Moving on to Judges 13 we see an extended passage about the Angel. In v3 He appears to Mrs Manoah who consistently describes Him as a man (v6, 10) as does the narrator (v11). He comes again when God hears the cry of His people and sends Him in response (v9). Just like with Jacob, He is coy about His name (v18, cf Gen 32:29). But just as in Judges 6, He ascends in the sacrifice to the LORD. At this Mr Manoah exclaims:

“We are doomed to die!” he said to his wife. “We have seen God!” (Judges 13:22)

His wife has more sense:

But his wife answered, “If the LORD had meant to kill us, he would not have accepted a burnt offering and grain offering from our hands, nor shown us all these things or now told us this.” (Judges 13:23)

The Angel is described as God. And the expectation is that to see God is to die. And yet they do see God the Angel and Mrs Manoah identifies the basis on which they can still be accepted: sacrifice.

I could go on about the Angel but perhaps you can follow up the other references that I’ve listed yourself. Let me just draw your attention to one more passage. Because here we see that the Angel was set forth not simply as the Mediator for Israel there and then, He was also trusted in as the One who was to come – the Messiah.

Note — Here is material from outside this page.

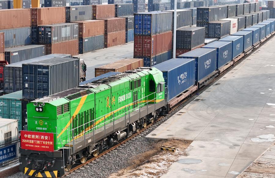 21 января 2026 года, первый в 2026 году специальный грузовой поезд Китай-Европа, груженный праздничными товарами, посвященными празднику Весны /Чуньцзе, традиционный китайский Новый год по лунному календарю/, прибыл в Сианьский международный порт "Чаньба". /Фото: Синьхуа/
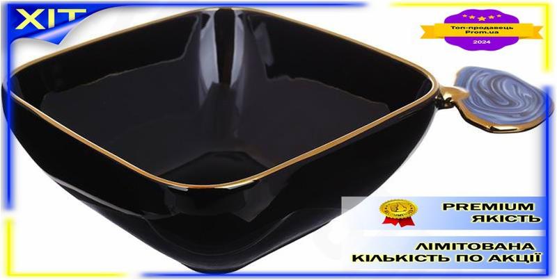 Dm салатница фарфоровая gold спецификация 2.2 line 1500мл черная квадратная для подачи сал...

“See, I will send my messenger (malak), who will prepare the way before Me. Then suddenly the Lord (Adonai) you are seeking will come to His temple; the Messenger (malak, Angel) of the covenant, whom you desire, will come,” says the LORD Almighty (Yahweh of hosts). (Malachi 3:1)

The messenger (Elijah/John the Baptist, cf 4:5) will precede the coming of the Lord who is the Angel. Here we see that the Lord who the people are seeking is the Angel of the covenant. He is their desire according to Malachi 3.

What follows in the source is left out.